By their nature, financial institutions require a higher level of speed, customization, storage and security in their infrastructure, said an exec with Savvis Inc.
Savvis, a provider of cloud infrastructure and hosted IT solutions, has already tapped this market with previous products, but their recently released Savvis Market Infrastructure (SMI) targets the financial sector directly.
Varghese Thomas, global head of financial services at Savvis, is confident that “the purpose-built solutions made possible by Savvis Markets Infrastructure allow firms to focus their IT resources on their own core competencies.”
Roji Ooomen, director of business development at Savvis, says that SMI is basically a “productized a set of tools that, whether you’re a broker, a dealer, a small hedge fund, or even a large mutual fund, you can assemble into a stack that you can write a trading application on top of for very low costs.”
Mikey Rollins, operations manager for cloud-based eCommerce company, Nova-Tech Online Inc., agrees that “this should help keep cost manageable for small firms and give them the scalability of a larger one.”
Oomen says “there has been a tremendous upswing in the amount of trading done electronically,” and, as a result of this, “financial firms in capital markets have become a lot more IT centric.”
Bearing that need in mind, Oomen says Savvis took a “look at a broad spectrum of our customers and [noticed] that there tends to be a tremendous amount of overlap in certain areas.”
Where trading is concerned, a lot of the business is centered around key areas, mostly exchanges. When the Savvis data centres were originally located there, it was in order to be close to those exchanges.
Now, that locational distance, and the implementation of their private fibre with 10 gigabit capability, allows SMI to offer the kind of speed and security sought by financial firms, Oomen says.
Often where trading is concerned, “latency is critical,” Oomen said.

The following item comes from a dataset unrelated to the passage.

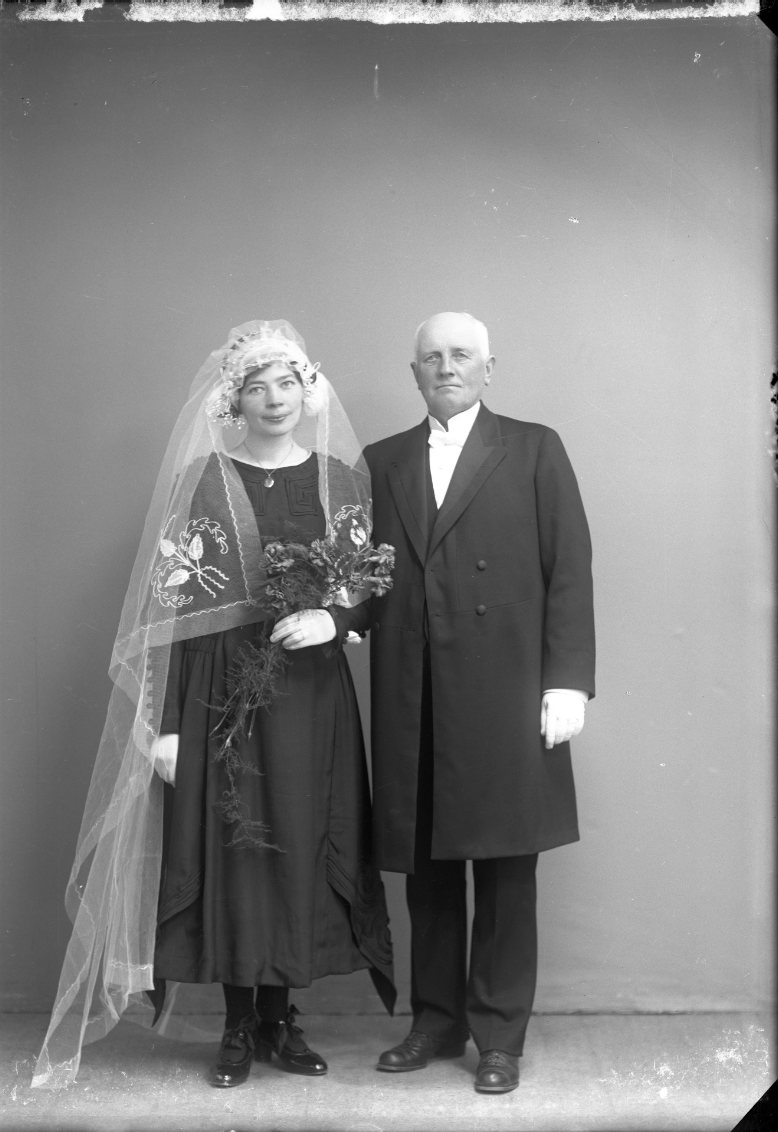 Ett brudpar. En yngre brud och en äldre brudgum vid namn August Pettersson.

The market produces so much data every day that, “storing that data so you can analyze it to predict future patterns has become burdensome on small firms … SMI is a way for firms to tap into [Savvis’s] ability to deliver managed infrastructure as a service, [in order] to help manage their costs and become much more efficient.”
Because businesses can access as much or as little of Savvis’s resources as they need, even on a day-to-day basis, the scalability of services can keep IT spending from spinning out of control.

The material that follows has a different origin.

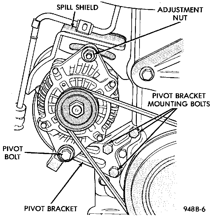 8. Remove the generator drive belt. The generator spill shield does not need to be removed.

Based on the trends set by “companies like Amazon, Netsuite, Oracle and Google [pushing] for more cloud solutions in the last couple of years,” Rollins believes Savvis’ product could really fill a niche in the market.

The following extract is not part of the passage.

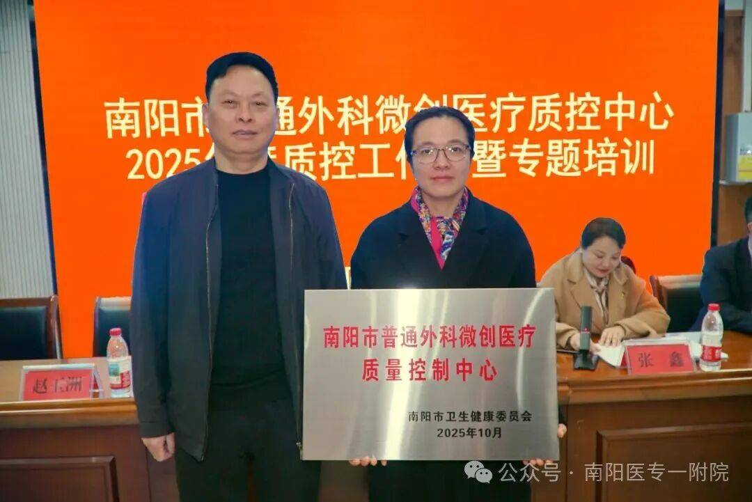 10月25日,南阳市普通外科微创医疗质量控制中心2025年质控工作会、专题培训会暨换届仪式在南阳医专一附院4号楼1楼学术报告厅召开。河南省肿瘤医院韩风、赵玉洲教授等省内权威专家,南阳市卫健体委三级调研员宋万新,南阳医专一附院副院长张鸥,南阳市普通外科微创质控中心主任委员王鹏等出席会议,全市各级医疗机构普外科及相关专业负责人、业务骨干参会。会议由南阳市卫健体委医政科科长张鑫主持。

The only caveat, as far as he is concerned is one that Savvis hopes will not become an issue. By adopting an over-arching system and putting a company in the hands of SMI, you face issues of “losing control, a lack of up to date features, and getting locked into a platform,” Rollins said.
But Oomen is quick to point out that, while these concerns are valid, Savvis strives for unconditional neutrality. As they’re not a participant in the financial market, they believe they can offer the best in class features and hardware, without being bogged down by politics, a claim, he says, not all providers in this market can make.